--- What this task involves ---
Everything in the listing should be transcribed exactly, apart from the pictures.

--- Data excerpt ---
______________________________
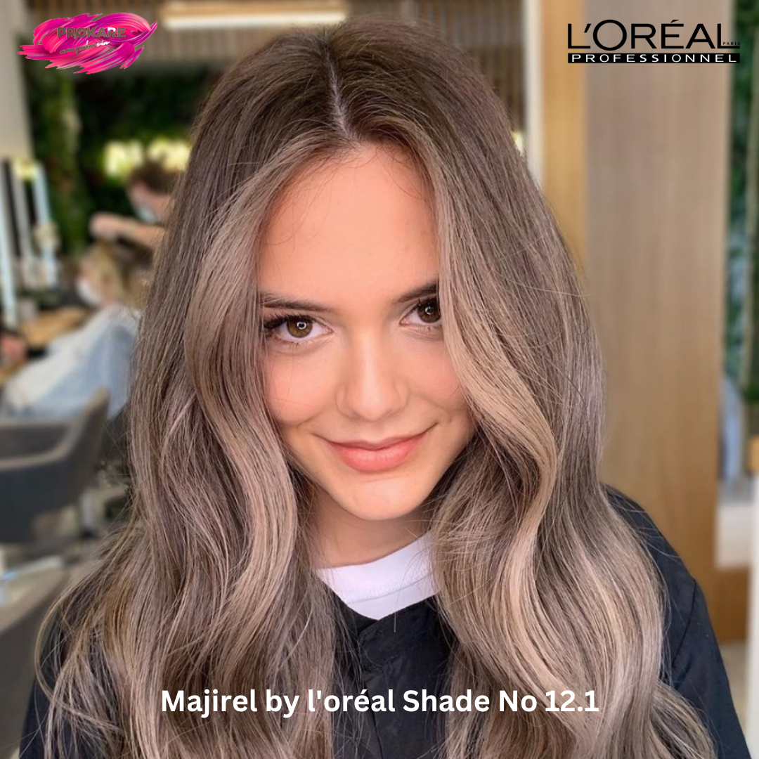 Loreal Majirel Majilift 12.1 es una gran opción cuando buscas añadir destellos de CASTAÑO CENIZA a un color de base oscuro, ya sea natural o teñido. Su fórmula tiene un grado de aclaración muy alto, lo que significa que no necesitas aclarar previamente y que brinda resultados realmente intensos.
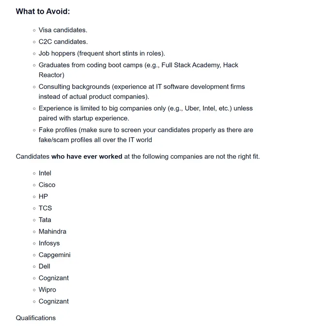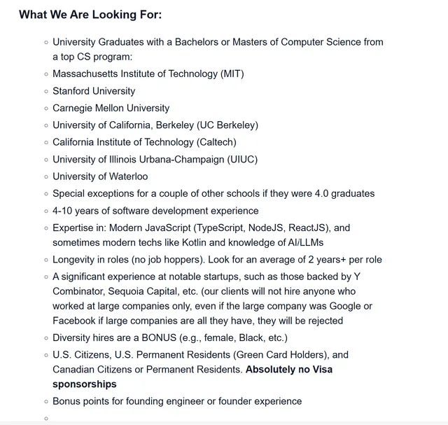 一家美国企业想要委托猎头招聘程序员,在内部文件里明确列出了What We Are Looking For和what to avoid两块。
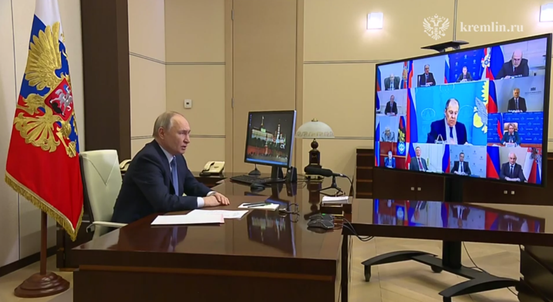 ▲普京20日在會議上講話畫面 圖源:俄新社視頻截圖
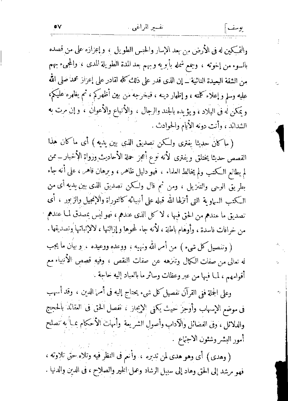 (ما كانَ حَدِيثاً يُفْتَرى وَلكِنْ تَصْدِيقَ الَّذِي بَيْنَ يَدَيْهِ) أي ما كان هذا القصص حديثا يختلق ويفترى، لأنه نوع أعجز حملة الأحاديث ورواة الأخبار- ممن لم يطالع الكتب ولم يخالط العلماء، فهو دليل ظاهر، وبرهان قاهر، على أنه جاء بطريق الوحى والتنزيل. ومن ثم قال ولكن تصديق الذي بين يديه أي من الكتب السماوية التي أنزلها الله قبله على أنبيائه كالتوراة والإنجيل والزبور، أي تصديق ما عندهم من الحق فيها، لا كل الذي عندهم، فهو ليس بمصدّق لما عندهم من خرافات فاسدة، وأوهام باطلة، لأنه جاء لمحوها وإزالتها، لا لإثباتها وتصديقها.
______________________________
--- Finished task ---
 Loreal Majirel Majilift 12.1 es una gran opción cuando buscas añadir destellos de CASTAÑO CENIZA a un color de base oscuro, ya sea natural o teñido. Su fórmula tiene un grado de aclaración muy alto, lo que significa que no necesitas aclarar previamente y que brinda resultados realmente intensos.
 一家美国企业想要委托猎头招聘程序员,在内部文件里明确列出了What We Are Looking For和what to avoid两块。
 ▲普京20日在會議上講話畫面 圖源:俄新社視頻截圖
 (ما كانَ حَدِيثاً يُفْتَرى وَلكِنْ تَصْدِيقَ الَّذِي بَيْنَ يَدَيْهِ) أي ما كان هذا القصص حديثا يختلق ويفترى، لأنه نوع أعجز حملة الأحاديث ورواة الأخبار- ممن لم يطالع الكتب ولم يخالط العلماء، فهو دليل ظاهر، وبرهان قاهر، على أنه جاء بطريق الوحى والتنزيل. ومن ثم قال ولكن تصديق الذي بين يديه أي من الكتب السماوية التي أنزلها الله قبله على أنبيائه كالتوراة والإنجيل والزبور، أي تصديق ما عندهم من الحق فيها، لا كل الذي عندهم، فهو ليس بمصدّق لما عندهم من خرافات فاسدة، وأوهام باطلة، لأنه جاء لمحوها وإزالتها، لا لإثباتها وتصديقها.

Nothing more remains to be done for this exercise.